Stefan Loristan's grave eyes melted. "Say 'Marco," he said to the aide-de-camp. "You were his army—and more—when we both needed one. It was you who invented the Game!"
"Thanks, Your Majesty," said The Rat, reddening scarlet. "You do me great honor! But he would never let me wait on him when we were traveling. He said we were nothing but two boys. I suppose that's why it's hard to remember, at first. But my mind went on working until sometimes I was afraid I might let something out at the wrong time. When we went down into the cavern, and I saw the Forgers of the Sword go wild over him—I KNEW it must be true. But I didn't dare to speak. I knew you meant us to wait; so I waited."
"You are a faithful friend," said the King, "and you have always obeyed orders!"
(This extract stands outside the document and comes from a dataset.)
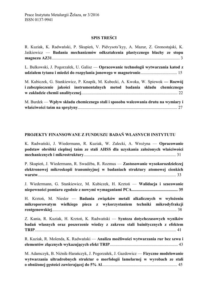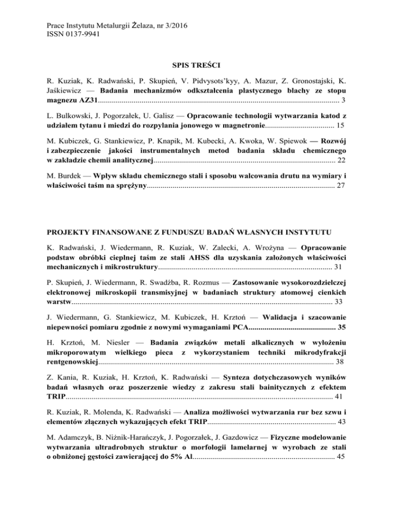 Prace Instytutu Metalurgii Żelaza, nr 3/2016 ISSN 0137-9941 SPIS TREŚCI R. Kuziak, K. Radwański, P. Skupień, V. Pidvysots’kyy, A. Mazur, Z. Gronostajski, K. Jaśkiewicz — Badania mechanizmów odkształcenia plastycznego blachy ze stopu magnezu AZ31.......................................................................................................................... 3 L. Bulkowski, J. Pogorzałek, U. Galisz — Opracowanie technologii wytwarzania katod z udziałem tytanu i miedzi do rozpylania jonowego w magnetronie................................... 15 M. Kubiczek, G. Stankiewicz, P. Knapik, M. Kubecki, A. Kwoka, W. Spiewok — Rozwój i zabezpieczenie jakości instrumentalnych metod badania składu chemicznego w zakładzie chemii analitycznej............................................................................................ 22 M. Burdek — Wpływ składu chemicznego stali i sposobu walcowania drutu na wymiary i właściwości taśm na sprężyny............................................................................................... 27 PROJEKTY FINANSOWANE Z FUNDUSZU BADAŃ WŁASNYCH INSTYTUTU K. Radwański, J. Wiedermann, R. Kuziak, W. Zalecki, A. Wrożyna — Opracowanie podstaw obróbki cieplnej taśm ze stali AHSS dla uzyskania założonych właściwości mechanicznych i mikrostruktury........................................................................................ 31 P. Skupień, J. Wiedermann, R. Swadźba, R. Rozmus — Zastosowanie wysokorozdzielczej elektronowej mikroskopii transmisyjnej w badaniach struktury atomowej cienkich warstw.................................................................................................................................... 33 J. Wiedermann, G. Stankiewicz, M. Kubiczek, H. Krztoń — Walidacja i szacowanie niepewności pomiaru zgodnie z nowymi wymaganiami PCA............................................ 35 H. Krztoń, M. Niesler — Badania związków metali alkalicznych w wyłożeniu mikroporowatym wielkiego pieca z wykorzystaniem techniki mikrodyfrakcji rentgenowskiej....................................................................................................................... 38 Z. Kania, R. Kuziak, H. Krztoń, K. Radwański — Synteza dotychczasowych wyników badań własnych oraz poszerzenie wiedzy z zakresu stali bainitycznych z efektem TRIP....................................................................................................................................... 41 R. Kuziak, R. Molenda, K. Radwański — Analiza możliwości wytwarzania rur bez szwu i elementów złącznych wykazujących efekt TRIP................................................................. 43 M. Adamczyk, B. Niżnik-Harańczyk, J. Pogorzałek, J. Gazdowicz — Fizyczne modelowanie wytwarzania ultradrobnych struktur o morfologii lamelarnej w wyrobach ze stali o obniżonej gęstości zawierającej do 5% Al........................................................................ 45 Prace Instytutu Metalurgii Żelaza, nr 3/2016 ISSN 0137-9941 Dobrzański, H. Purzyńska, A. Zieliński — Ocena wpływu odstawień i uruchomień na mikrostrukturę oraz trwałość eksploatacyjną materiału wirników turbin parowych w stanie wyjściowym oraz po długotrwałej eksploatacji w warunkach pełzania................ 48 H. Purzyńska, J. Dobrzański, A. Zieliński, R. Rozmus — Prędkość pełzania i proces wydzieleniowy węglików materiału wirników turbin parowych z niskostopowych stali Cr-Mo-V po eksploatacji znacznie przekraczającej obliczeniowy czas pracy................. 51 M. Dziuba-Kałuża, J. Dobrzański, H. Purzyńska, A. Zieliński, R. Rozmus — Trwałość resztkowa stali 1Cr-0,5Mo po długotrwałej eksploatacji w warunkach pełzania wykazującej uszkodzenia wewnętrzne w postaci pustek.................................................... 55 A. Zieliński, R. Kuziak, M. Miczka, H. Purzyńska — Weryfikacja metodą numeryczną trwałości eksploatacyjnej stali nowej generacji oszacowanej na podstawie analizy ilościowej obrazu mikrostruktury....................................................................................... 57 W. Szulc, M. Miczka — Wspomaganie działań i doradztwo w zakresie pozyskiwania środków na prace b+r z budżetu unijnego dla Polski na lata 2014–2020......................... 61

A great moon was sailing in the sky that night—just such a moon as had sailed among the torn rifts of storm clouds when the Prince at Vienna had come out upon the balcony and the boyish voice had startled him from the darkness of the garden below. The clearer light of this night's splendor drew them out on a balcony also—a broad balcony of white marble which looked like snow. The pure radiance fell upon all they saw spread before them—the lovely but half-ruined city, the great palace square with its broken statues and arches.
They stood and looked at it. There was a stillness in which all the world might have ceased breathing.
"What next?" said Prince Ivor, at last speaking quietly and low. "What next, Father?"
"Great things which will come, one by one," said the King, "if we hold ourselves ready."